SR records have variant fields that add new variants when storage features are added, as is the case with current_operations.
This means that fetching records from remote pool cause deserialization exceptions when their records contain newer, unknown variants when using OCaml-based clients.

xe uses SR records to minimize remote calls to select the SR with the largest amount of free space during cross-pool migrations.

Change xe to use expressions for filtering SRs and minimize the amount of calls done.
This means that now PBD records are fetched, but these don't contain any variants, and have been unchanged since early 2008.

Now the amount of calls have changed from 1 per host-attached PBD to 2, but the amount of calls can be limited to shared SRs, if there are any.

This is a prerequisite to reintroduce this change: 723a498#diff-22f9f03f35e06c26ffd8f5ee9a8573167dae627ac8927d260d798c47eacbc9ceR29, which is needed to be able to add new SR operations, like VDI_revert.

I'm opening it as a draft PR to gather comments while I test that it fixes the migration of a vm to a host with SRs with new, unknown capabilities.

Copy link
Member

@edwintorok edwintorok left a comment

Choose a reason for hiding this comment

The reason will be displayed to describe this comment to others. Learn more.
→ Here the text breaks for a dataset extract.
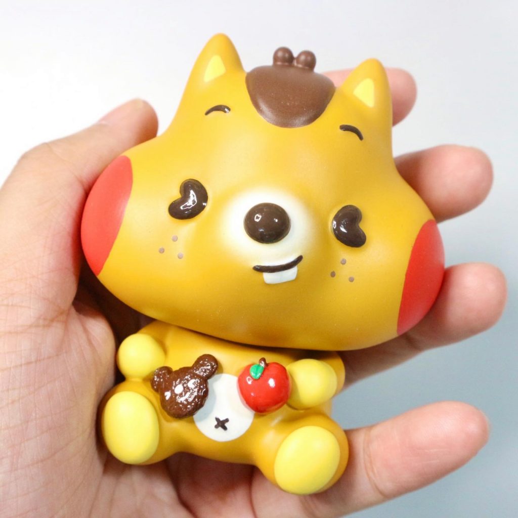 The Toy Chronicle artist spotlight artist Oraya Laddaklom, finally has the time to take a short break from the endless customs to concentrate on her own IP. Thailand based artist/customizer Oraya Laddaklom aka Lookplu8 “Little Squirrel” is back! slightly chunkier from the lockdown but we won’t judge as Yui Kuma looks adorable. As you can see from the video below, Yui is a head turner! who can resist the treats that Yui brings and those heart-shaped eyes?
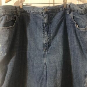 Liberty Blue Big & Tall men’s medium wash 5 pocket denim shorts. Size 52. Zip and button closure. Belt loops. Embroidered back pockets. Preowned

Maybe we need a new dedicated operation to do the lookups on the coordinator's database directly where it has fast,local access to the DB?
In extreme cases there could be a lot of shared SRs, e.g. in one use-case there would be 1 PBD for an NFS SR per VM, per host! So you could have hundreds of these/host.

(* The preferred SR is determined to be as the SR that the destine host has a PDB attached to it,
and among the choices of that the shared is preferred first(as it is recommended to have shared storage
in pool to host VMs), and then the one with the maximum available space *)
(* The preferred SR is determined to be as the SR that the destine
Copy link
Contributor

Choose a reason for hiding this comment

The reason will be displayed to describe this comment to others. Learn more.

Typo destination

@psafont
Copy link
Member Author

psafont commented Feb 10, 2026

In extreme cases there could be a lot of shared SRs, e.g. in one use-case there would be 1 PBD for an NFS SR per VM, per host! So you could have hundreds of these/host.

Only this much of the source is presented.